• _Exercise directions_:
Copy every line of the data below exactly as given, except for the pictures.
-- Recorded data follows --
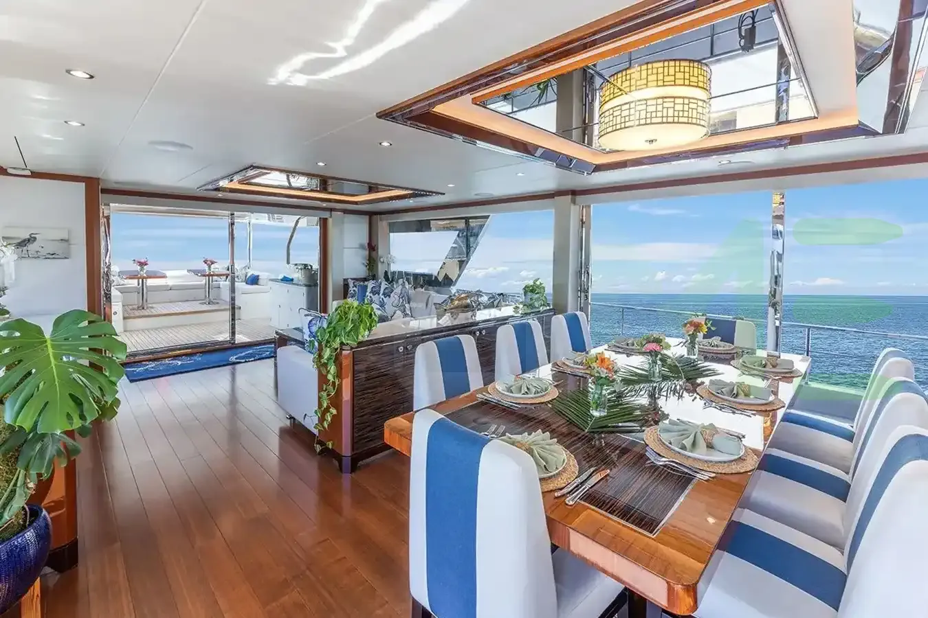 With a gross tonnage of 190, the DRINKABILITY yacht for charter provides ample interior space for enjoyment. DRINKABILITY offers accommodations for up to 8 guests in 5 lavishly appointed staterooms. She can also carry up to 6 crew onboard, including the Captain, to ensure a relaxed luxury yacht charter experience. The interior design by Evan K Marshall exudes a sense of luxury, seamlessly blending comfort with style.
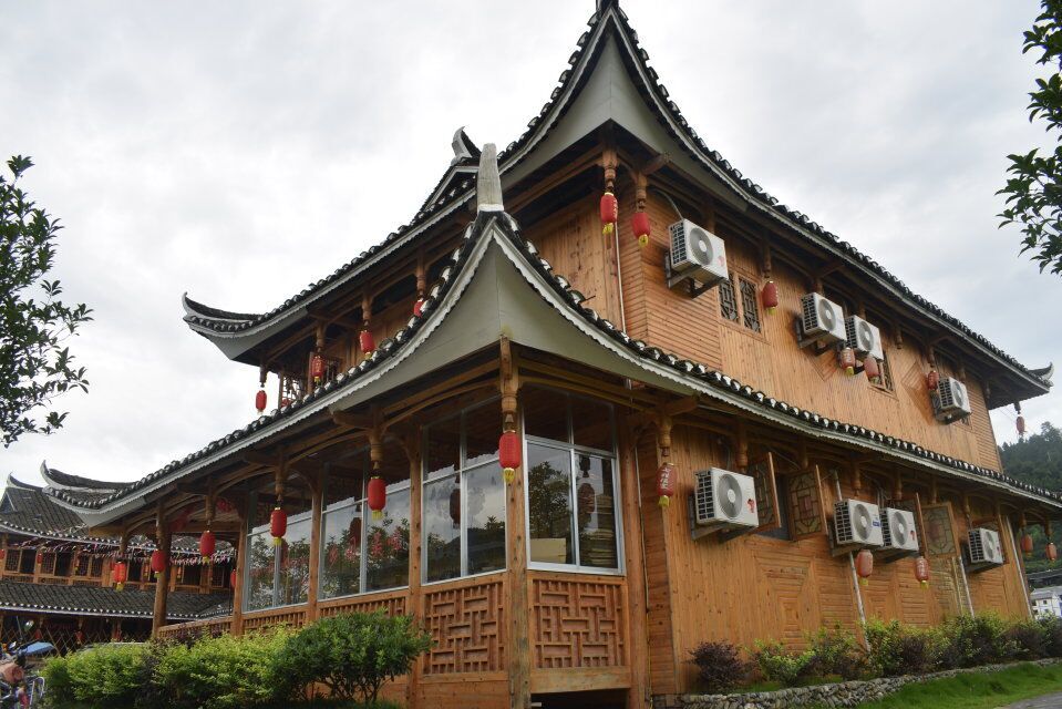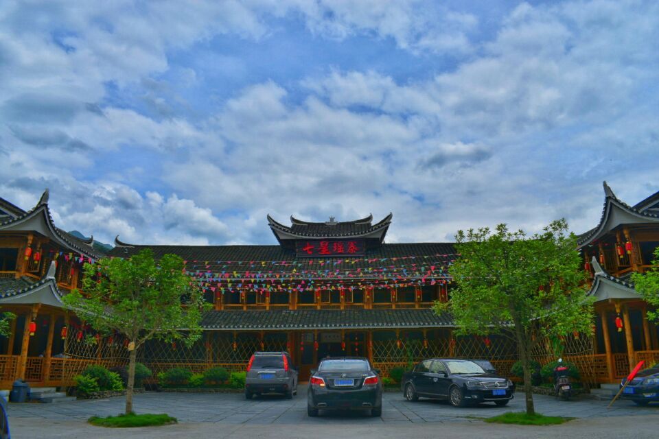 七姓瑶寨位于溆浦县广阔的田野中,瑶寨前方的二都河是稻田和花海的最美分界线。瑶寨整体呈现对称状,主要是用天然的木材搭建而成,构造时采用了独特的方法,使瑶寨牢固却不浪费木材。支农实践团的成员们都对七姓瑶寨赞不绝口。据瑶寨负责人介绍,七姓瑶寨所在地原为田野,是为响应当地政府扶贫的口号,在政府的支持下由村民所建,其名字则是根据当地历史“七姓瑶”而来。
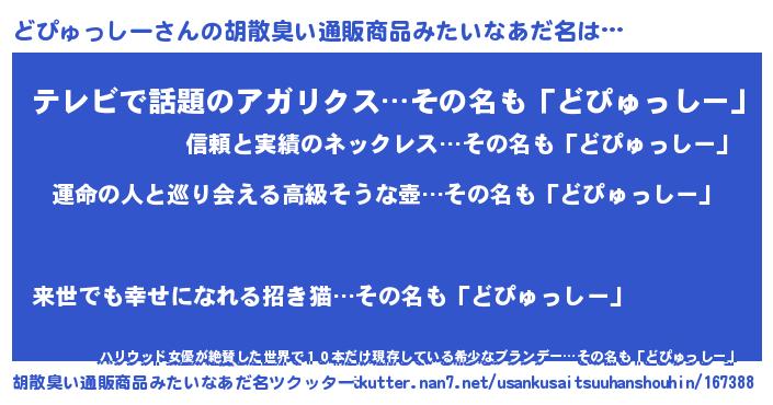 | ヘコむあだ名 | 『レバニラ』『どぴっ子』『どぴにー』 |
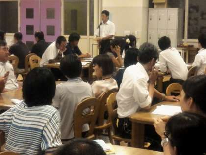 8月31日(金)、「みしまの森学舎」研修会が開かれました。知育、徳育、体育・食育部会の三部会に小中三校が分かれ、二学期の研究授業について検討しました。研究テーマ「かかわり合いを深め、表現力を高める」に向けて、活発な意見交換がなされました。
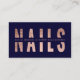 En modern stilfull nagelkonstnärvisitkort med modern för snitt typografi ut i rosa guld för faux omkullkastar på en trendig och en elegant marinblå bakgrund. Om du behöver någon customization, tveka inte, i att kontakta mig
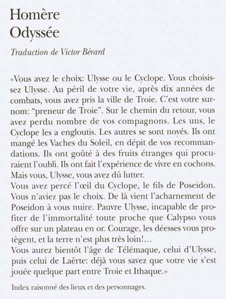 L'épopée d'Ulysse pour revenir de Troie, en Asie Mineure, jusqu'à sa terre natale, l'île d'Ithaque, dans la mer Ionienne, à l'ouest de la Grèce. Récit et conte merveilleux, cette épopée est, dans le monde antique, le texte fondateur source de toute culture. Texte intégral.
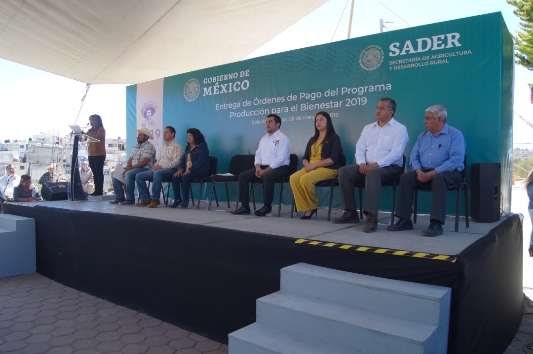 Como parte de la entrega de apoyos por parte del gobierno federal, en el municipio de Calpulalpan, se entregaron las órdenes de pago a más de 5 mil productores que forman parte del programa “producción para el bienestar 2019”, y para verificar la entrega se hiciera de manera directa, estuvo presente la delegada federal para los programas en el Estado de Tlaxcala, Lorena Cuellar Cisneros.
-- Recorded data concluded --
• _Answer to the problem_:
 With a gross tonnage of 190, the DRINKABILITY yacht for charter provides ample interior space for enjoyment. DRINKABILITY offers accommodations for up to 8 guests in 5 lavishly appointed staterooms. She can also carry up to 6 crew onboard, including the Captain, to ensure a relaxed luxury yacht charter experience. The interior design by Evan K Marshall exudes a sense of luxury, seamlessly blending comfort with style.
 七姓瑶寨位于溆浦县广阔的田野中,瑶寨前方的二都河是稻田和花海的最美分界线。瑶寨整体呈现对称状,主要是用天然的木材搭建而成,构造时采用了独特的方法,使瑶寨牢固却不浪费木材。支农实践团的成员们都对七姓瑶寨赞不绝口。据瑶寨负责人介绍,七姓瑶寨所在地原为田野,是为响应当地政府扶贫的口号,在政府的支持下由村民所建,其名字则是根据当地历史“七姓瑶”而来。
 | ヘコむあだ名 | 『レバニラ』『どぴっ子』『どぴにー』 |
 8月31日(金)、「みしまの森学舎」研修会が開かれました。知育、徳育、体育・食育部会の三部会に小中三校が分かれ、二学期の研究授業について検討しました。研究テーマ「かかわり合いを深め、表現力を高める」に向けて、活発な意見交換がなされました。
 En modern stilfull nagelkonstnärvisitkort med modern för snitt typografi ut i rosa guld för faux omkullkastar på en trendig och en elegant marinblå bakgrund. Om du behöver någon customization, tveka inte, i att kontakta mig
 L'épopée d'Ulysse pour revenir de Troie, en Asie Mineure, jusqu'à sa terre natale, l'île d'Ithaque, dans la mer Ionienne, à l'ouest de la Grèce. Récit et conte merveilleux, cette épopée est, dans le monde antique, le texte fondateur source de toute culture. Texte intégral.
 Como parte de la entrega de apoyos por parte del gobierno federal, en el municipio de Calpulalpan, se entregaron las órdenes de pago a más de 5 mil productores que forman parte del programa “producción para el bienestar 2019”, y para verificar la entrega se hiciera de manera directa, estuvo presente la delegada federal para los programas en el Estado de Tlaxcala, Lorena Cuellar Cisneros.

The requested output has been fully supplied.